**What the task requires**
Omit pictures and quote the listing below line by line, from its start through the line that holds "Civil engineering undergradate".

*** Block opens ***

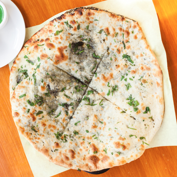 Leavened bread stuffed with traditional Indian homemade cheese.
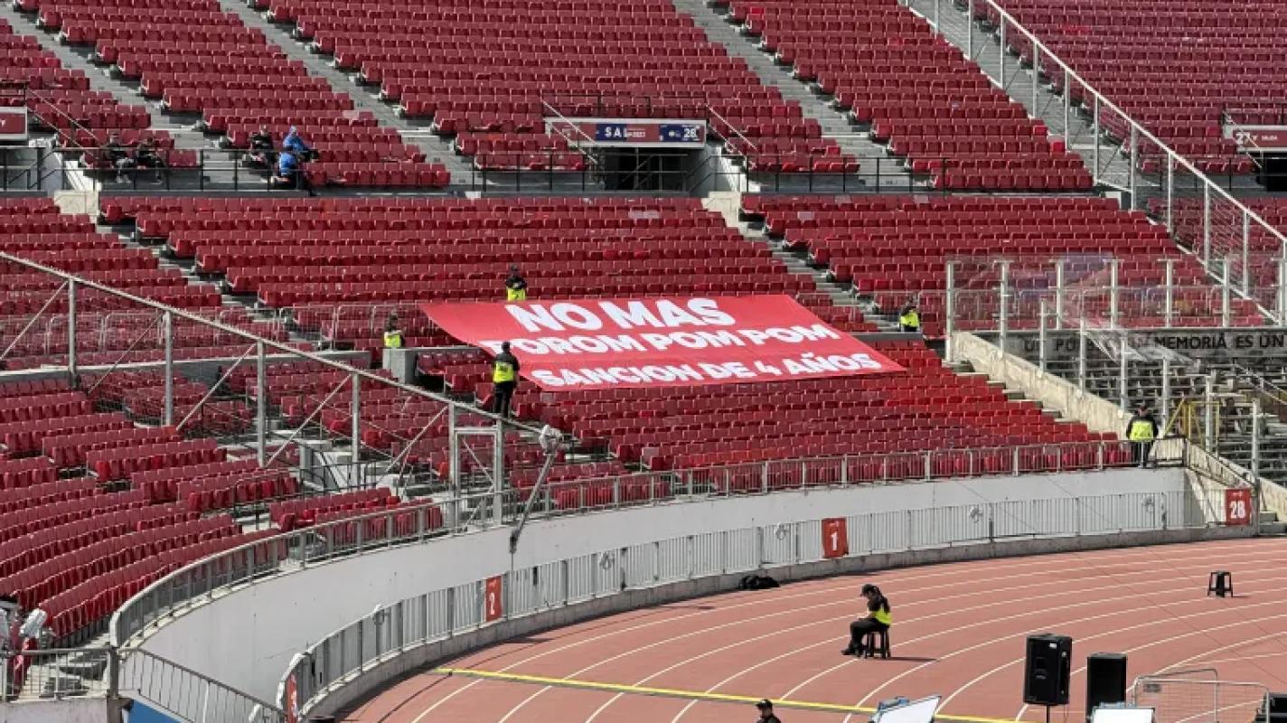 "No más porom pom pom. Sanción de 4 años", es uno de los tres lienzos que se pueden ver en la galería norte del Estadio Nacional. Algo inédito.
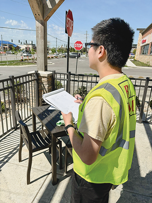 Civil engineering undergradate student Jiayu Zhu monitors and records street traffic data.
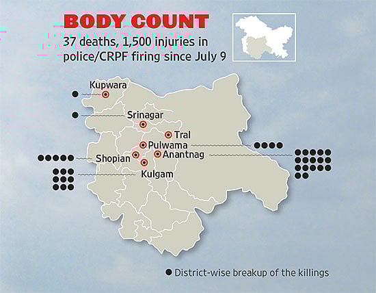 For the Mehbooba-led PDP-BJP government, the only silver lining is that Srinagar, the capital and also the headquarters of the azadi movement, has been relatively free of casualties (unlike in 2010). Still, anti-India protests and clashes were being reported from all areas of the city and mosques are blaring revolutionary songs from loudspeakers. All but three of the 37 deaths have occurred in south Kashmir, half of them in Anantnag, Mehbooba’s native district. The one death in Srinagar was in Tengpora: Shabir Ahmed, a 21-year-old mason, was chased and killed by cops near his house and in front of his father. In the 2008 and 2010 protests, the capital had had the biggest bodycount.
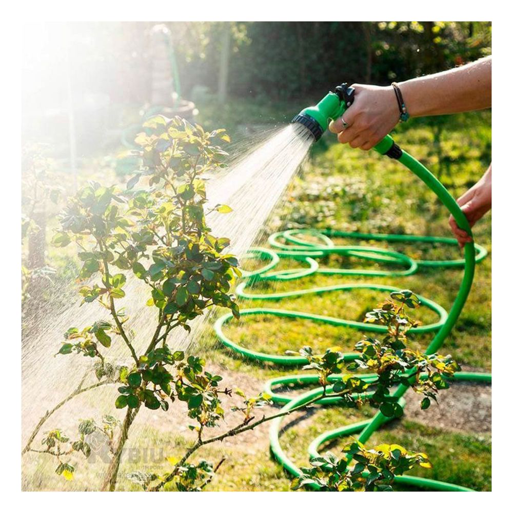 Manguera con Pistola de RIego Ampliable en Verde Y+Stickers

*** Block closes ***

**Exercise output**
 Leavened bread stuffed with traditional Indian homemade cheese.
 "No más porom pom pom. Sanción de 4 años", es uno de los tres lienzos que se pueden ver en la galería norte del Estadio Nacional. Algo inédito.
 Civil engineering undergradate student Jiayu Zhu monitors and records street traffic data.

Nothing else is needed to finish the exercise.